Nate or Eliezer: “…Huh? What does that have to do with anything?”
If you think that the existence on Earth of lots of bacteria and trees is a point that specifically undermines something that Nate or Eliezer said, then can you explain the details?
Oh, I was responding to something different, my apologies.
I wouldn’t go this far yet. E.g. I’ve been playing with the idea that the weighting where humans “win” evolution is something like adversarial robustness. This just wasn’t really a convincing enough weighting to be included in the OP. But if something like that turns out correct then one could imagine that e.g. humans get outcompeted by something that’s even more adversarially robust. Which is basically the standard alignment problem.
Like I did not in fact interject in response to Nate or Eliezer. Someone asked me what triggered my line of thought, and I explained that it came from their argument, but I also said that my point was currently too incomplete.
Meta-level comment: I don’t think it’s good to dismiss original arguments immediately and completely.
Object-level comment:
I think it might be more complicated than that:
We need to define what “a model produced by a reward function” means, otherwise the claims are meaningless. Like, if you made just a single update to the model (based on the reward function), calling it “a model produced by the reward function” is meaningless (’cause no real optimization pressure was applied). So we do need to define some goal of optimization (which determines who’s a winner and who’s a loser).
We need to argue that the goal is sensible. I.e. somewhat similar to a goal we might use while training our AIs.
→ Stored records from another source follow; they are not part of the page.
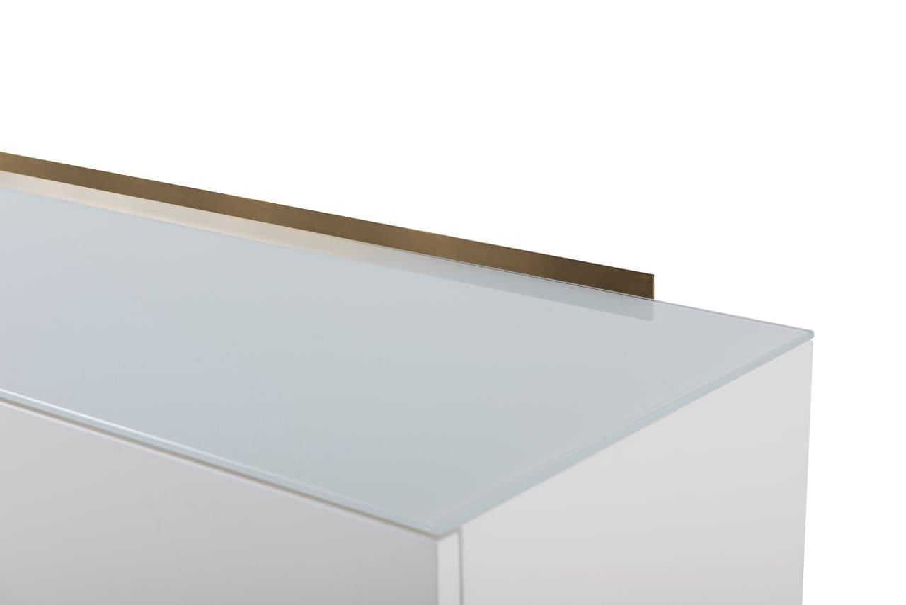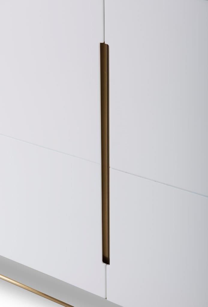 A four door high sideboard in white with brass frame and accents
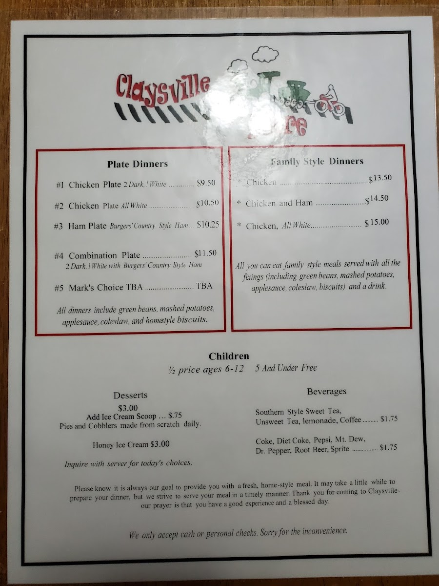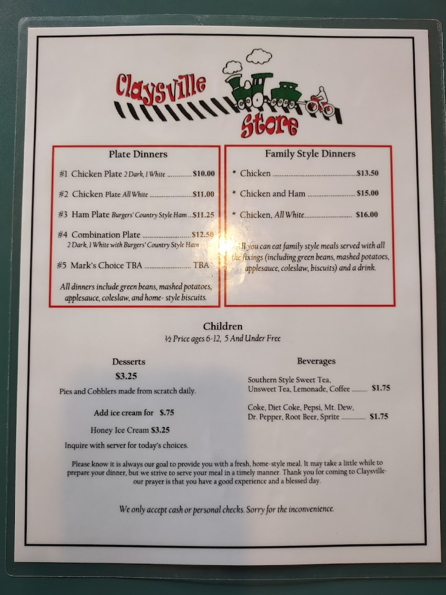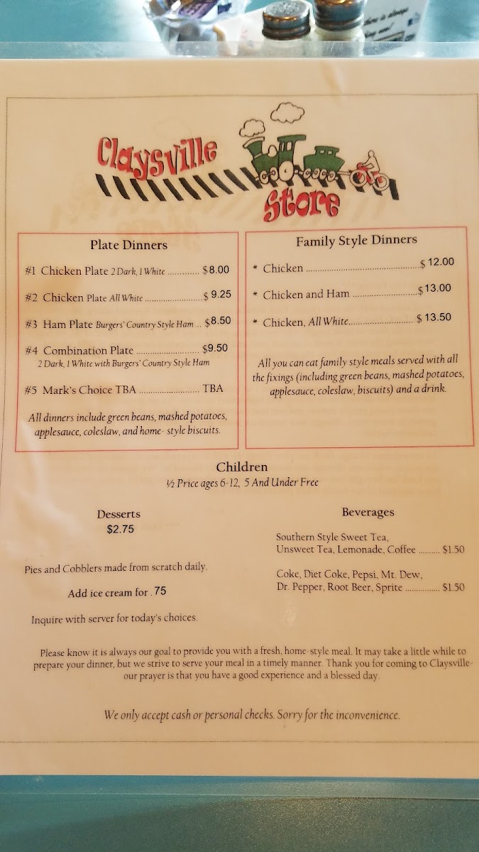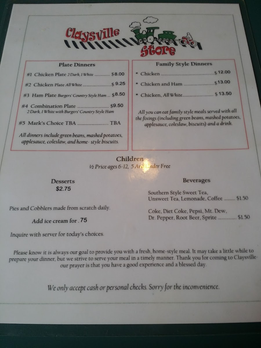 Claysville Store Menu
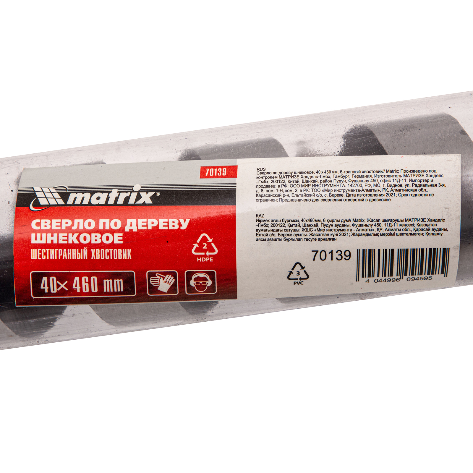 Шнековое сверло по дереву Matrix 70139 размером 40 х 460 мм, с 6-гранным хвостовиком, предназначено для получения глубоких отверстий. Подходит для работы как с мягкими, так и с твердыми породами древесины. Конструкция сверла рассчитана на интенсивное использование с высокими нагрузками в ходе строительных, ремонтных и отделочных работ.
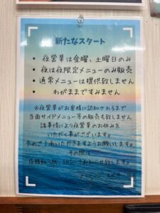 不定休、金・土のみ17:30~20:00ラストオーダー(昼:11:00~14:30)→通常のスガ井は検索で「メンドコロ」と入力すると見る事が出来ます
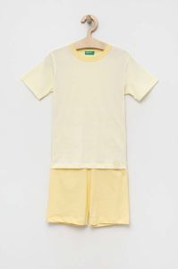 Дитяча бавовняна піжама United Colors of Benetton колір жовтий однотонна

Here’s some things we can try:
We can try defining all currently living species as winners. But is it sensible? Is it similar to a goal we would use while training our AIs? “Let’s optimize our models for N timesteps and then use all surviving models regardless of any other metrics” ← I think that’s not sensible, especially if you use an algorithm which can introduce random mutations into the model.
We can try defining species which avoided substantial changes for the longest time as winners. This seems somewhat sensible, because those species experienced the longest optimization pressure. But then humans are not the winners.
We can define any species which gained general intelligence as winners. Then humans are the only winners. This is sensible because of two reasons. First, with general intelligence deceptive alignment is possible: if humans knew that Simulation Gods optimize organisms for some goal, humans could focus on that goal or kill all competing organisms. Second, many humans (in our reality) value creating AGI more than solving any particular problem.
I think the later is the strongest counter-argument to “humans are not the winners”.
Right, I think there are variants of it that might work out, but there’s also the aspect where some people argue that AGI will turn out to essentially be a bag-of-heuristics or similar, where inner alignment becomes less necessary because the heuristics achieve the outer goal even if they don’t do it as flexibly as they could.
Richard Kennaway asked why I would think in those lines but the point of the OP isn’t to make an argument about AI alignment, it’s merely to think in those lines. Conclusions can come later once I’m finished exploring it.